Reinforcement Learning is a machine learning technique that focuses on learning from interaction: agents interact with their environment according to their "action policy" and receive rewards for their actions. The objective of reinforcement learning algorithms is to learn the right action policies, i.e. to find policies that maximize the rewards the agents receive for their actions.

There are different approaches to reinforcement learning and we will use a simple one known as Q-Learning in this notebook.

In Q-Learning, each agent has a "Q-Table", which defines the expected total reward an agent will get for performing a particular action when in a particular state. Agents initially start with an "empty" Q-Table and then learn the right behavior through trial and error.

Agents start with an "empty" Q-Table and then fill it by learning through trial and error. At each step, an agent always chooses to perform the action that will lead to the highest reward.

The following paragraphs dive a little deeper into the mathematics behind reinforcement learning. This is quite illustrative because it shows how you can deal with uncertainty and also how to deal with (extrinsic) reward systems – two capabilities that are very important in any enterprise. Feel free to skip to the next chapter if you are not interested in mathematical formalism.

The following exposition of reinforcement learning closely follows that in the seminal book Reinforcement Learning by Richard S. Sutton and Andrew G. Barto.

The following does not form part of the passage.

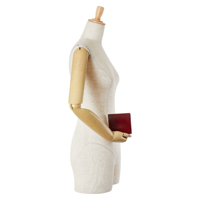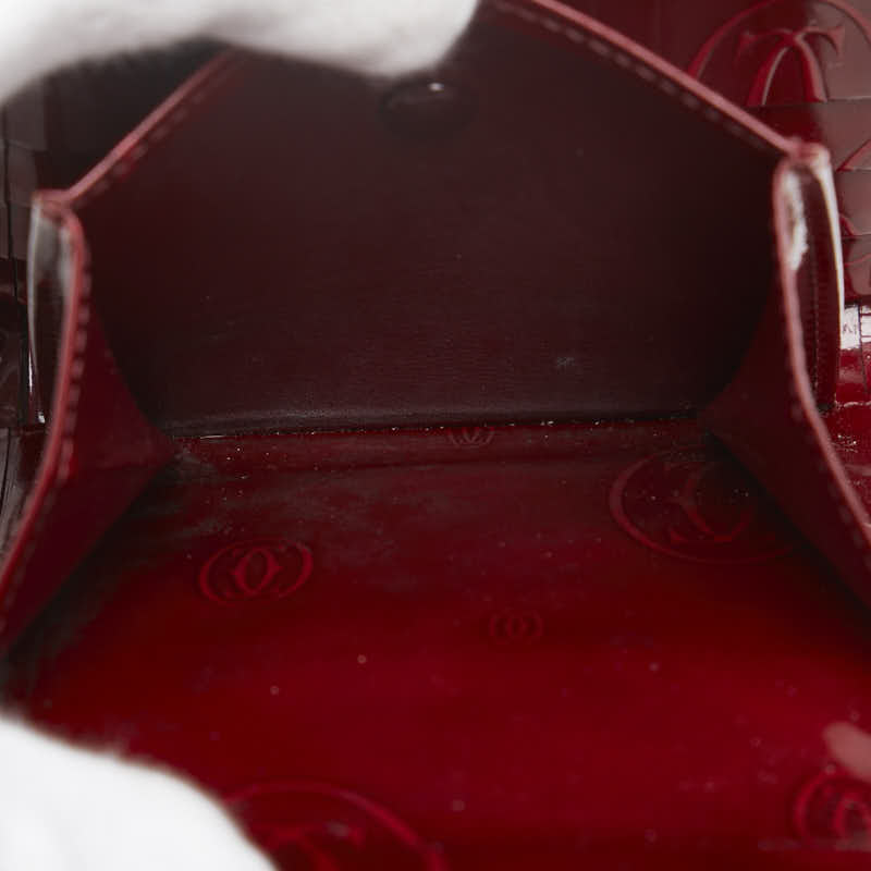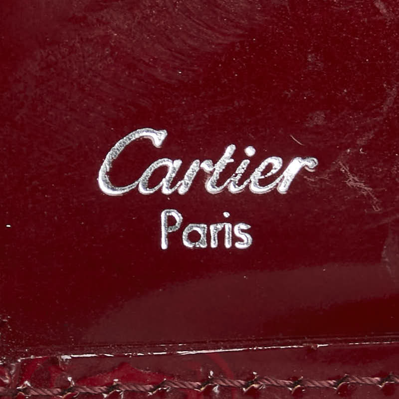 カルティエ ハッピーバースデー 三つ折り財布 ワインレッド ボルドー エナメル レディース CARTIER 【中古】

In order to make reinforcement learning computable, we need to find an appropriate formalism. One such formalism is to model such agent-environment interactions as *Markov Decision Processes* (MDPs):

At each timestep* *$!$t$!$ the agent receives some representation of the environments state, $!$S_t \in \mathcal{S}$!$, and on that basis selects an action, $!$A_t \in \mathcal{A}$!$. One time step later, (in part) as a consequence of its action, the agent receives a reward $!$R_t \in \mathcal{R} \subset \mathbb{R}$.

The interaction then gives rise to a *trajectory* that looks like this: $!$S_0,A_0,R_1,S_1,A_1,R_2,S_2,A_2,R_3,...$!$

In a finite MDP, the sets of states, actions and rewards ($!$\mathcal{S}$!$, $!$\mathcal{A}$!$ and $!$\mathcal{R}$!$) have a finite number of elements and the random variables $!$R_t$!$ and $!$S_t$!$ have well defined probability distributions that depend only on the preceding state and action:

$!$p\left(s',r \mid s,a\right) = Pr\{S_t=s', R_t=r \mid S_{t-1}=s, A_{t-1}=a\}$!$

for all $!$s',s \in \mathcal{S}, r \in \mathcal{R}$!$, and $!$a \in \mathcal{A}(s)$!$. The function $!$p$!$ defines the dynamics of the MDP which defines a probability distribution for each choice of $!$s$!$ and $!$a$!$:

$!$\sum_{s' \in \mathcal{S}} \sum_{r \in \mathcal{R}} p\left(s',r \mid s,a\right) = 1, \forall s \in \mathcal{S}, a \in \mathcal{A}(s)$!$

Using $!$p$!$, we can calculate anything we need to know about an agents behaviour, e.g the *state-transition probabilities*:

$!$p\left(s' \mid s,a\right) = Pr\{S_t=s'\mid S_{t-1}=s, A_{t-1}=a\}=\sum_{r \in \mathcal{R}} p\left(s',r \mid s,a\right)$!$

In particular, we can calculate the expected reward if we are in state $!$s$!$ and choose action $!$a$!$:

$!$r\left(s,a\right) = \mathbb{E} \lbrack R_t \mid S_{t-1}=s, A_{t-1}=a \rbrack = \sum_{r \in \mathcal{R}} r \sum_{s' \in \mathcal{S}} p\left(s',r \mid s,a\right)$!$

In order to get our agents to learn, we not only need to define the reward an agent gets for performing an action, but we also need to tell the agents to maximize the sum of rewards over its lifetime, i.e the lifetime reward.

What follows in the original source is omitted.